By gradient, we mean the slope. So we want the point where the slope is 8. The derivative of a function is its slope, so we have to find the derivative for y.

y = (x - 3)(x + 5)

y' = (x - 3)'(x + 5) + (x - 3)(x + 5)'

y' = (1)(x + 5) + (x - 3)(1)

y' = (x + 5) + (x - 3)

y' = 2x + 2

So, since the derivative is the slope, we can find where this equation equals 8.

8 = 2x + 2

6 = 2x

3 = x

Now put that into our original equation to find y:

y = (x - 3)(x + 5)

y = (3 - 3)(3 + 5)

y = (0)(8)

y = 0

That leaves our answer (3,0).

f(x) = (x - 3)(x + 5)

You can get the gradient if you calculate the derivate of the function.

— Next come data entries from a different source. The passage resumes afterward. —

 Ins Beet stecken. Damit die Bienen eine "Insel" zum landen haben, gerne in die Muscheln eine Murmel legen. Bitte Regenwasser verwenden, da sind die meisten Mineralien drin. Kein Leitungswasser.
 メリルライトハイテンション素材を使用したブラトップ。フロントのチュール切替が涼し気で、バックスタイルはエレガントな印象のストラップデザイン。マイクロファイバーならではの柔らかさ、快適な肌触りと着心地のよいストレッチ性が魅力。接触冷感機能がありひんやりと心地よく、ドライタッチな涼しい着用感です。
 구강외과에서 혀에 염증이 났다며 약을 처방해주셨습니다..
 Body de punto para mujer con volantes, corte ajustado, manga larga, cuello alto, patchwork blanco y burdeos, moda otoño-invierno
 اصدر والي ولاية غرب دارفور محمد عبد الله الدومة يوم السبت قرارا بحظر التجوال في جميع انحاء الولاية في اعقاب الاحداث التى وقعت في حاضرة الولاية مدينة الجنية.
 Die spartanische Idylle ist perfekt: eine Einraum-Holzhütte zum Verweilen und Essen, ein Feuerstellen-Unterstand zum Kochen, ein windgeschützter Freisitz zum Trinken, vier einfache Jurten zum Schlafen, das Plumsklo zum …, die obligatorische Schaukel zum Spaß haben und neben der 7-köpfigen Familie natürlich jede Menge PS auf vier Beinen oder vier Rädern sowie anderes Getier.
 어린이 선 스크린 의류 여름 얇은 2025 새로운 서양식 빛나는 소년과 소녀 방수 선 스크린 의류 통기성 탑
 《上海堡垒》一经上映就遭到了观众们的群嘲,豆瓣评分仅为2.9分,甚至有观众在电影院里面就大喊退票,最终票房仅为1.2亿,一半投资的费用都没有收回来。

The function looks like: u.v → the derivate will be like: (u'v + v'u) → where:

u = (x - 3) → u' = 1

v = (x + 5) → v' = 1

f'(x) = (u'v + v'u)

f'(x) = (x + 5) + (x - 3)

f'(x) = x + 5 + x - 3

f'(x) = 2x + 2

To find when the gradient is 8, we have to solve the equation: f'(x) = 8

2x + 2 = 8

2x = 6

x = 3 → that is the abscissa of the point

f(x) = (x - 3)(x + 5)

f(3) = (3 - 3)(3 + 5) = 0

The coordinates of the point where the gradient is 8 are (3 ; 0)